#### The problem:
Return the run of lines below that opens with the line containing "面包树 Fosberg)是桑" and closes with the line containing "Luna sparkles, coin", keeping each one exact.

#### Extracted data:
[Start of section]

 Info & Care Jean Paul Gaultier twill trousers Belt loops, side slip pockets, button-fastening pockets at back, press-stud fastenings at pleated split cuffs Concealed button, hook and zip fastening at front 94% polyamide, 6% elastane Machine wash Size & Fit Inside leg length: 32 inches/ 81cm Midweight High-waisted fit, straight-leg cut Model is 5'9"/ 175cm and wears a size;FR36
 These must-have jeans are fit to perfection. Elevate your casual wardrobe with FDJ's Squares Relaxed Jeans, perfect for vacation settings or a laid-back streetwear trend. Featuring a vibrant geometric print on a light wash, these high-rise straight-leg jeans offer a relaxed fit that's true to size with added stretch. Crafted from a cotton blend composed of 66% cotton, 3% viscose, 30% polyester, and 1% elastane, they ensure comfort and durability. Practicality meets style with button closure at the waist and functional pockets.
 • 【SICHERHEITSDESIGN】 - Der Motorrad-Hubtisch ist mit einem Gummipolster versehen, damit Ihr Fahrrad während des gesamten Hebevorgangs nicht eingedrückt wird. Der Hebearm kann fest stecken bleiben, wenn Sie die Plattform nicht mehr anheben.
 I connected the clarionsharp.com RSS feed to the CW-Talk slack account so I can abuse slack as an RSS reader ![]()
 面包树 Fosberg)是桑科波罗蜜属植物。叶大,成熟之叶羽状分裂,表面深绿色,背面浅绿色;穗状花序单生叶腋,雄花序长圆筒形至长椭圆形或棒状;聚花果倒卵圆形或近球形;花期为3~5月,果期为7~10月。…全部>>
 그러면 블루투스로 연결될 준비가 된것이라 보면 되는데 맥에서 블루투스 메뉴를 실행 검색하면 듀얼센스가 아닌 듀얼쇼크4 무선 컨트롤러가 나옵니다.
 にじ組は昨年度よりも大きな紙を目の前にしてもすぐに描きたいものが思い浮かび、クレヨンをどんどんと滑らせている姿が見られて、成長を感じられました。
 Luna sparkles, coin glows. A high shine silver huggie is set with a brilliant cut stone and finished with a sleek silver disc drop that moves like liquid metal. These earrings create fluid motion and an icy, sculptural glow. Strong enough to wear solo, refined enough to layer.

[End of section]
[Start of section]

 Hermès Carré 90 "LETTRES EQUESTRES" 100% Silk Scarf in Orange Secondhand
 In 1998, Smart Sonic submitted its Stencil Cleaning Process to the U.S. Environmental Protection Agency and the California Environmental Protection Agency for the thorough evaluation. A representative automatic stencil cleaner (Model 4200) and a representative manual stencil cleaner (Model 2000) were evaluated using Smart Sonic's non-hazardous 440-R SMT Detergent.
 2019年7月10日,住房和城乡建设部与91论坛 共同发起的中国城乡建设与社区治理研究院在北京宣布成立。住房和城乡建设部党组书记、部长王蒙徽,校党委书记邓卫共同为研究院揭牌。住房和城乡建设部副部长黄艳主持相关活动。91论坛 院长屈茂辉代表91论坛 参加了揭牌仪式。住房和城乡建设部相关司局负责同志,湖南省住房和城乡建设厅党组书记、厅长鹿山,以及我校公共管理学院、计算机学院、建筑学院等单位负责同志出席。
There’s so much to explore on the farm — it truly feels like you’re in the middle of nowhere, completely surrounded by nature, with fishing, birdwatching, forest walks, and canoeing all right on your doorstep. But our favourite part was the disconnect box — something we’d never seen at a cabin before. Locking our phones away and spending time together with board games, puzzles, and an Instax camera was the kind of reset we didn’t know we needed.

[End of section]
[Start of section]

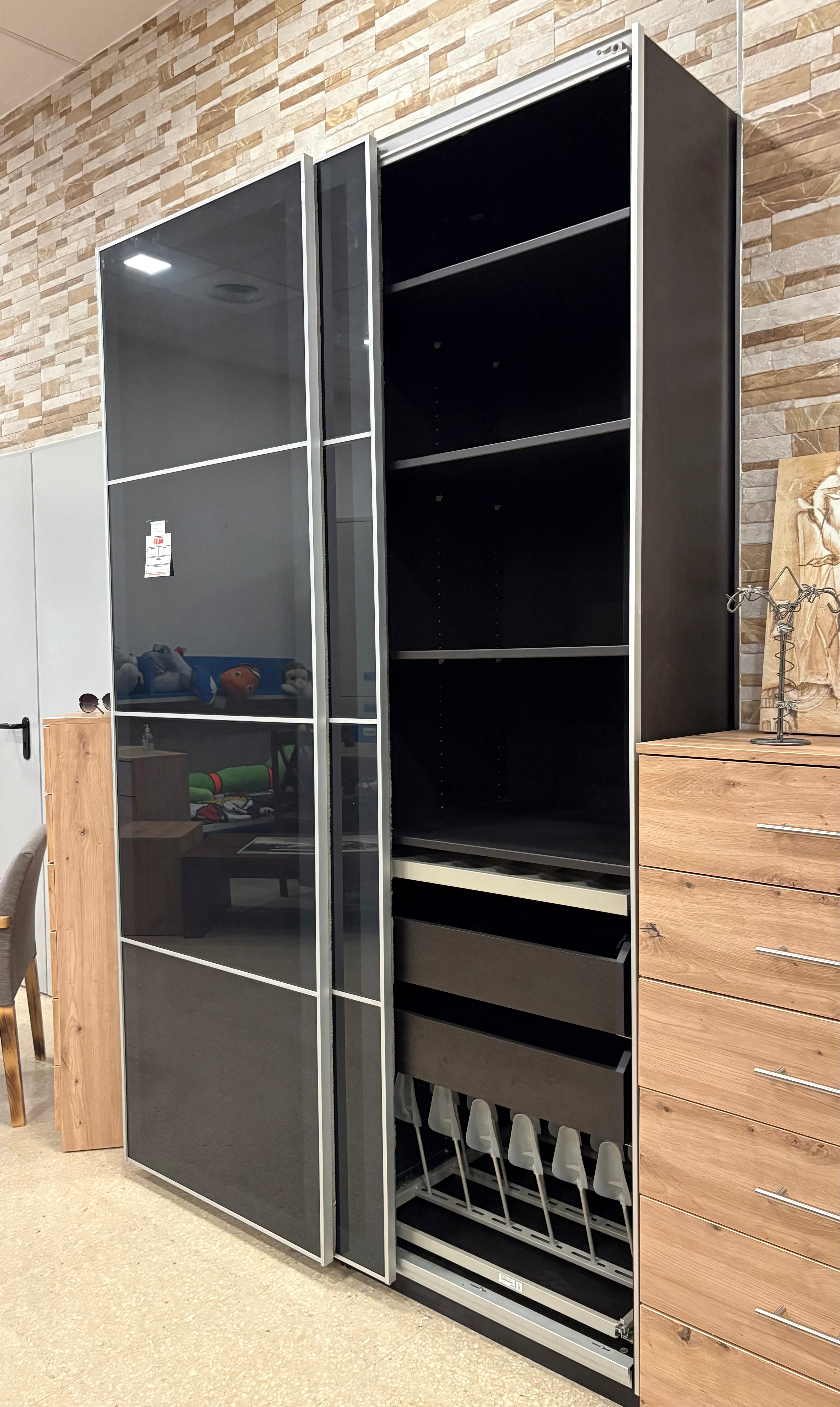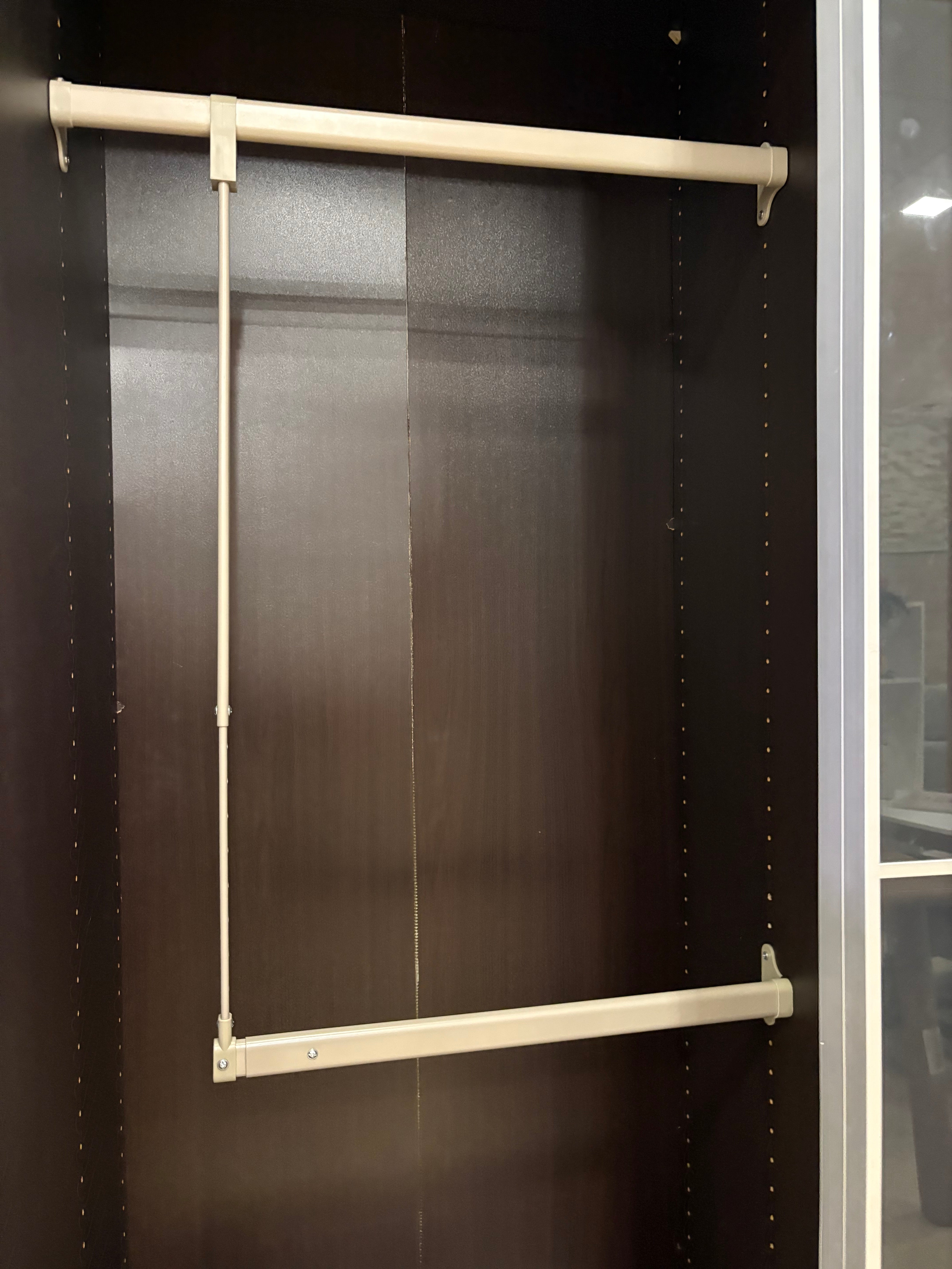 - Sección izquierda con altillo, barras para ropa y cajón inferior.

[End of section]

#### Answer to this problem:
 面包树 Fosberg)是桑科波罗蜜属植物。叶大,成熟之叶羽状分裂,表面深绿色,背面浅绿色;穗状花序单生叶腋,雄花序长圆筒形至长椭圆形或棒状;聚花果倒卵圆形或近球形;花期为3~5月,果期为7~10月。…全部>>
 그러면 블루투스로 연결될 준비가 된것이라 보면 되는데 맥에서 블루투스 메뉴를 실행 검색하면 듀얼센스가 아닌 듀얼쇼크4 무선 컨트롤러가 나옵니다.
 にじ組は昨年度よりも大きな紙を目の前にしてもすぐに描きたいものが思い浮かび、クレヨンをどんどんと滑らせている姿が見られて、成長を感じられました。
 Luna sparkles, coin glows. A high shine silver huggie is set with a brilliant cut stone and finished with a sleek silver disc drop that moves like liquid metal. These earrings create fluid motion and an icy, sculptural glow. Strong enough to wear solo, refined enough to layer.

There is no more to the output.